#### Activity
Below are entries with pictures in them. Output exactly the lines starting at the line with "Daydreamer Inflatable Neck" and ending at the line with "We consider a", both included, but not the pictures.

#### Input
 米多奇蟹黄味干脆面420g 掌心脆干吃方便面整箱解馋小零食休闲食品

--

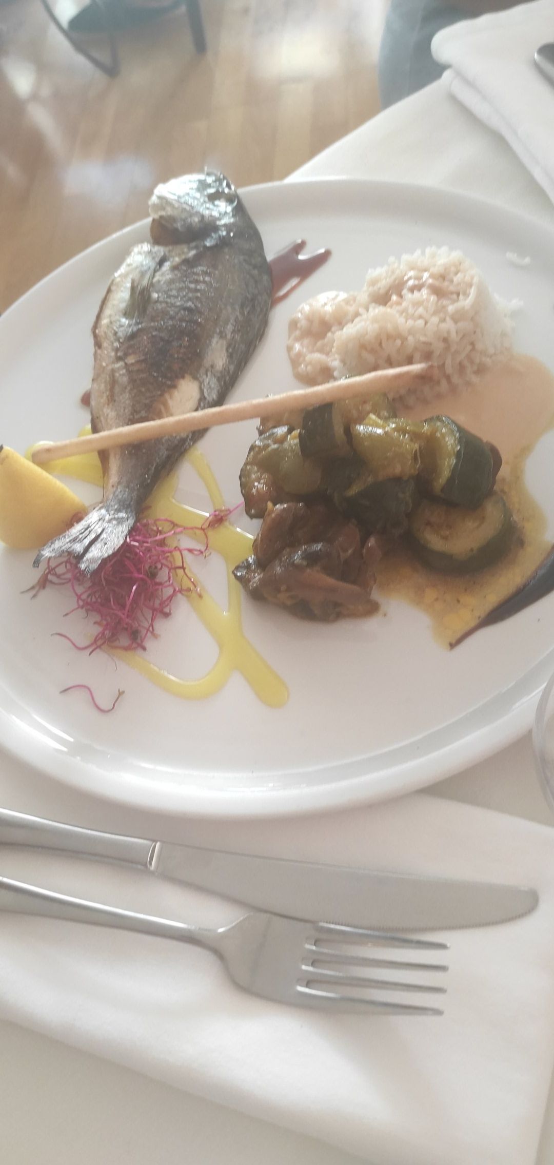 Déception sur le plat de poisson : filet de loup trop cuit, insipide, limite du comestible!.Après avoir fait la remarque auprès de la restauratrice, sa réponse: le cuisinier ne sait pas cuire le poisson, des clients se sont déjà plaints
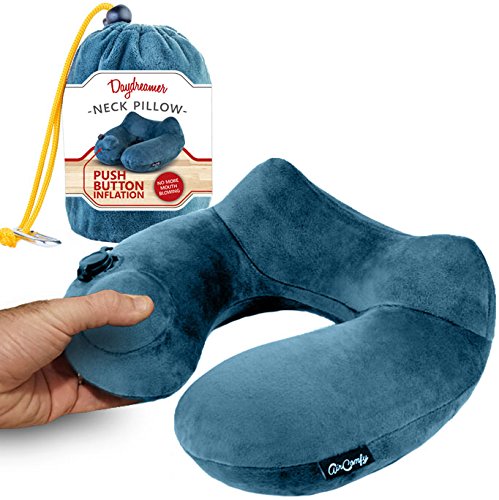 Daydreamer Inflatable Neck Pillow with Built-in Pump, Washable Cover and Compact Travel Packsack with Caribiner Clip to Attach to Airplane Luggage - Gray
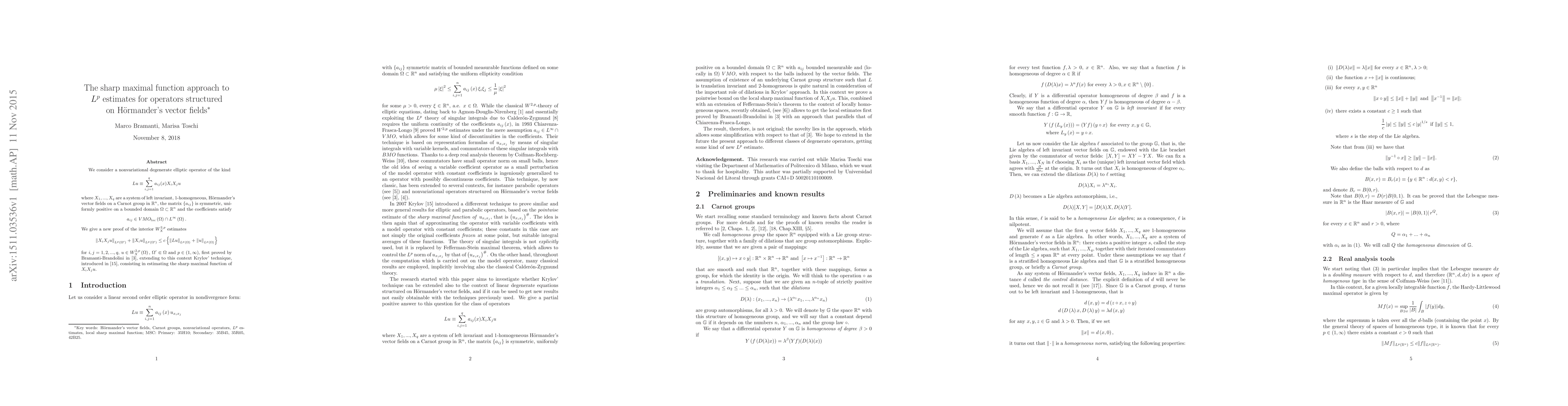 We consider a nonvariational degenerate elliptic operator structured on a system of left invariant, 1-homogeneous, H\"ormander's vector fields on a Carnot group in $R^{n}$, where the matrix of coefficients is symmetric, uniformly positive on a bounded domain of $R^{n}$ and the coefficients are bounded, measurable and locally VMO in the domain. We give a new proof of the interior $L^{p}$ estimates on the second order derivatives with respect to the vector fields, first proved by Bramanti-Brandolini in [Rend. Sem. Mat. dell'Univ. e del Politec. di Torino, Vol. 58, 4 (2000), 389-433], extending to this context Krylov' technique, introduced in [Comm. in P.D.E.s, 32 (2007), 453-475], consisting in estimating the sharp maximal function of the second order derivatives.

...

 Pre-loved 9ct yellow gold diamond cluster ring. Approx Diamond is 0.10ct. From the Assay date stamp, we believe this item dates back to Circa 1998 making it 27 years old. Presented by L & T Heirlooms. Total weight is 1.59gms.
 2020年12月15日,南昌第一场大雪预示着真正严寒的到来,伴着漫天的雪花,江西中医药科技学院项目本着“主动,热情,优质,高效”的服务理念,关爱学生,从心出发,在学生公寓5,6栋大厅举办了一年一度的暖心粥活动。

#### Response area
 Daydreamer Inflatable Neck Pillow with Built-in Pump, Washable Cover and Compact Travel Packsack with Caribiner Clip to Attach to Airplane Luggage - Gray
 We consider a nonvariational degenerate elliptic operator structured on a system of left invariant, 1-homogeneous, H\"ormander's vector fields on a Carnot group in $R^{n}$, where the matrix of coefficients is symmetric, uniformly positive on a bounded domain of $R^{n}$ and the coefficients are bounded, measurable and locally VMO in the domain. We give a new proof of the interior $L^{p}$ estimates on the second order derivatives with respect to the vector fields, first proved by Bramanti-Brandolini in [Rend. Sem. Mat. dell'Univ. e del Politec. di Torino, Vol. 58, 4 (2000), 389-433], extending to this context Krylov' technique, introduced in [Comm. in P.D.E.s, 32 (2007), 453-475], consisting in estimating the sharp maximal function of the second order derivatives.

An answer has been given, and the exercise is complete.